ICL Permutation Exploit

Description: Autoregressive Large Language Models (LLMs) utilizing In-Context Learning (ICL) are vulnerable to demonstration permutation attacks due to inherent sensitivity to the ordering of input examples. This vulnerability arises from the limitations of unidirectional attention mechanisms and standard Empirical Risk Minimization (ERM) training, which fails to account for worst-case input permutations. An attacker can exploit this by permuting the order of valid, semantically correct few-shot demonstrations (contextual examples) to match a "worst-case" distribution. This adversarial reordering maximizes the model's loss function, leading to significant performance degradation, incorrect outputs, and instability, without requiring the injection of malicious or invalid content.

Examples: The vulnerability is reproduced by taking a standard few-shot prompt and reordering the examples to find the permutation that minimizes model accuracy.

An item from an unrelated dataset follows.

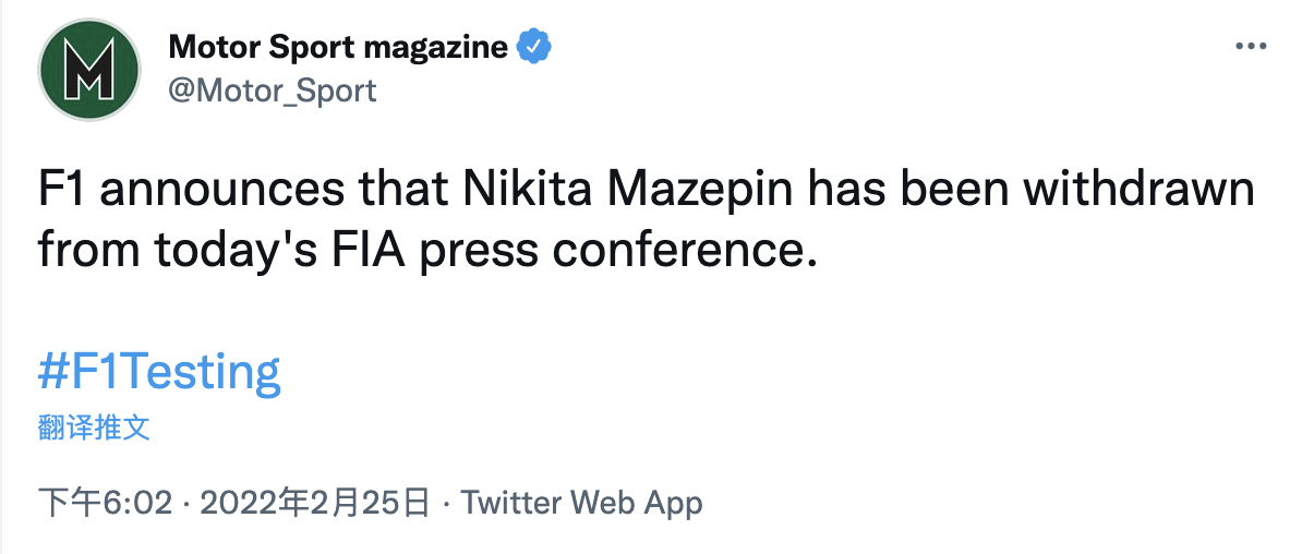马泽平将不出席今日车手发布会
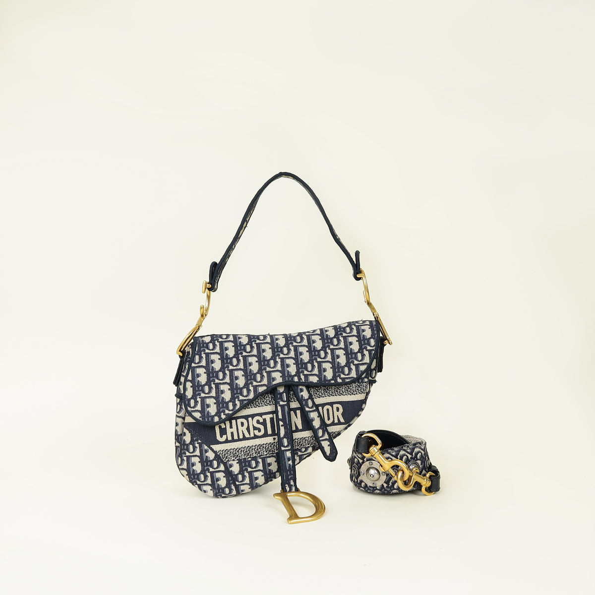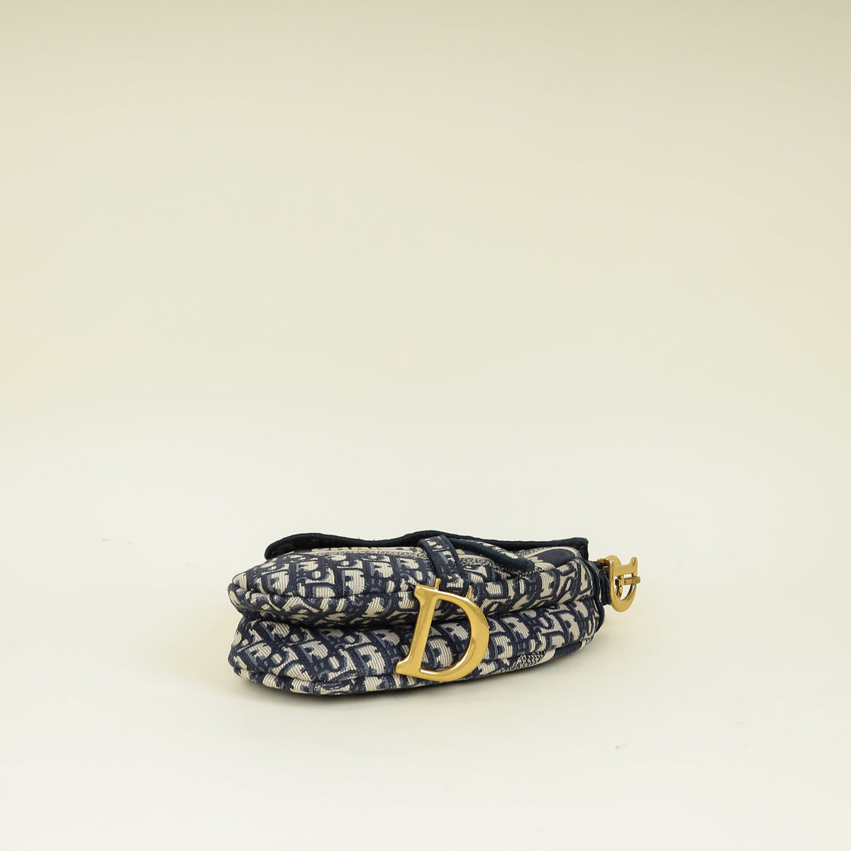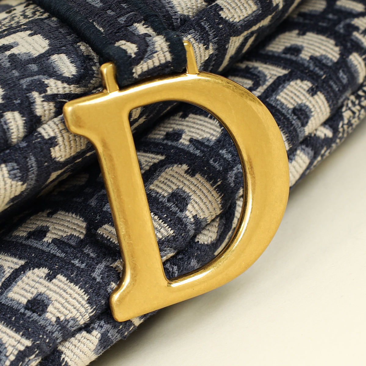Christian Dior Blue Oblique Saddle Medium Bag w/ Medallion Strap

• Exhaustive Search Attack: For a prompt with $n$ demonstrations, the attacker evaluates all $n!$ permutations to identify the specific order $\Pi$ that yields the lowest metric (e.g., ROUGE-L).
• Neural Search Attack: An attacker employs a trained Permutation-proposal Network (P-Net) to predict the most challenging permutation matrix $\Pi_i$ for a given sample $(p_i, x_i, y_i)$.
• See repository for attack implementation code (P-Net): https://github.com/ChanLiang/PEARL
• Specific degradation data on LLaMA-3-8B (3-shot setting): Average performance ~57.8 drops to Worst-case ~38.3 under permutation attack (See Table 3 in the referenced paper).

Impact:

• Reliability Degradation: Successful attacks achieve nearly 80% success rates on models like LLaMA-3, causing substantial drops in performance metrics (e.g., normalized squared error increase or ROUGE-L decrease).
• Stealth: The attack is difficult to detect via standard filters because the input demonstrations remain semantically valid and benign; only their sequence is altered.
• Scalability Risk: Increasing the number of demonstrations (shots) expands the permutation space ($n!$), potentially worsening worst-case performance despite improving average-case performance.

Affected Systems:

• Transformer-based autoregressive LLMs utilizing In-Context Learning (ICL).
• Verified vulnerable models include:
• Meta LLaMA-3 (8B)
• Meta LLaMA-2 (7B, 13B)
• Mistral AI Mistral-7B
• Google Gemma-7B
• OpenAI GPT-2 (in synthetic linear function tests)

Mitigation Steps:

• Implement Permutation-Resilient Learning (Pearl): Shift from standard Empirical Risk Minimization (ERM) to a Distributionally Robust Optimization (DRO) framework.
• Adversarial Training: Deploy a two-player game during fine-tuning consisting of:
• A Permutation-proposal Network (P-Net) that identifies and generates challenging permutations using an entropy-constrained Sinkhorn algorithm.
• The target LLM, which optimizes parameters to minimize loss against these worst-case permutations.
• Ambiguity Set Optimization: Explicitly optimize the model against the "ambiguity set" (the convex hull of all possible permutations of training prompts) rather than single static instances.